Conflicting info may be a sign of McDojo, but not always. IMO, if the lineage is legit, the worst problem is out of the way. That being said, there’s still the problem of them selling their product as the only true martial (?) TJQ. If that’s really the case, wow, I just have no words LOL
I watched the videos you linked. Taiji demos are shit. If they just showed the standard trad form or some yang xiaojia it would be much more interesting. In this day and age you either gong sau or you don’t. You either own your shit and teach student how to fight with full resistance, or you don’t. Chen Ziqiang and other good coaches kick serious ass in tuishou. Good TJQ practitioners can wrestle pretty good. That’s the way I try do it too, at least.
I guess I’m circling back to the other point you raised in the original post. People get hypnotized by some weird TJQ coaches because Taiji is old chinese magic gymnastics that’s also a “secret super weapon fo da streetz”.
I have to argue that, despite being a martial art first and foremost, Taijiquan is extremely efficient as a therapy, of course. However, if you want to market your stuff as effective for self-defense, SOME aliveness is absolutely necessary. Wrestling rules for Tuishou training would be a good start. Hell, even fixed-step Tuishou would be a good start.
Another problem is we don’t usually see a lot of people really interested in TJQ for martial application. In my experience, the people who do Taiji and get interested in combat often take up Sanda or Shuai Jiao, or both.
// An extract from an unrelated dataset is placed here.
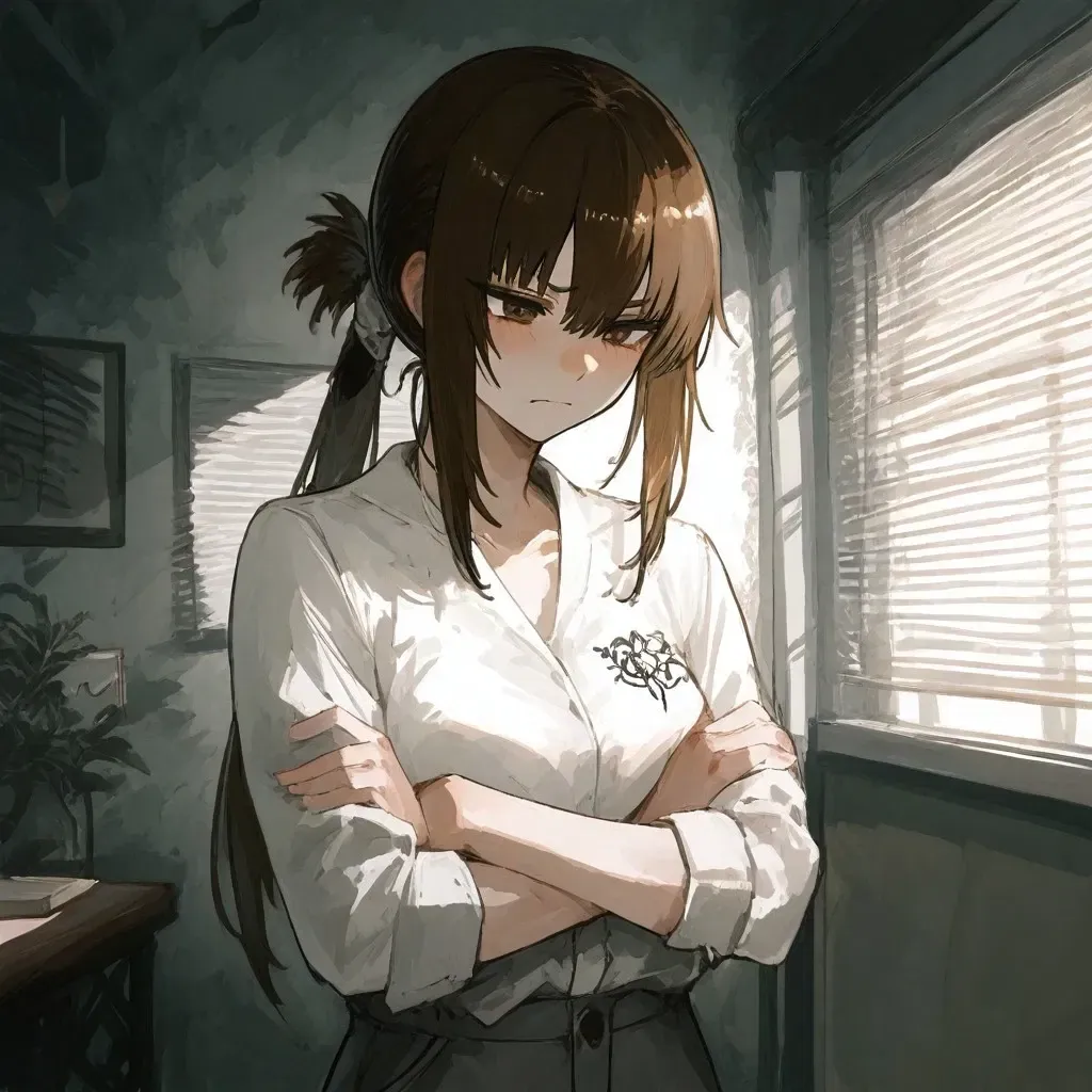 Her words faltered, and she finally allowed herself to look directly at you, her gaze filled with a mix of defiance and guilt. The sharp lines of her features softened briefly before she caught herself and straightened her posture, her arms crossing defensively once more.

With the guys who trained with me, I would go over forms just as a warm up, some wrestling and shuai jiao basics, some clinch swimming, then tuishou sparring, free-step, like they do in Taiwan. It looked a bit like lazy freestyle wrestling but we did our best. Anyways, it never took long for people to completely switch to taiji forms only or Sanda and Shuai Jiao only.
I wrote all this crap just to say that some coaches will go where the money is, and it looks like most people want to live the dream of chinese magic gymnastics that’s also a “secret super weapon for da streetz” – it’s all esoteric bull crap, and people love it as much as they love to snort snake oil, or essential oil or whatever. And the people looking for effective martial arts are already taking up BJJ and boxing – they see no point in taking part of the struggle that is making TJQ a martial art that can be used in live settings and MMA (or “rebuilding” it, maybe). One can argue that if it just turns into lazy freestyle wrestling mixed with shuai jiao, why bother with it if there’s already Judo, BJJ, Sambo etc? That, of course, is a question for serious practitioners of TJQ (as a martial art) to answer. We either do something about it, or it won’t make sense to call it a martial art anymore. Me, I like it too much to give up on it, that’s why I keep trying.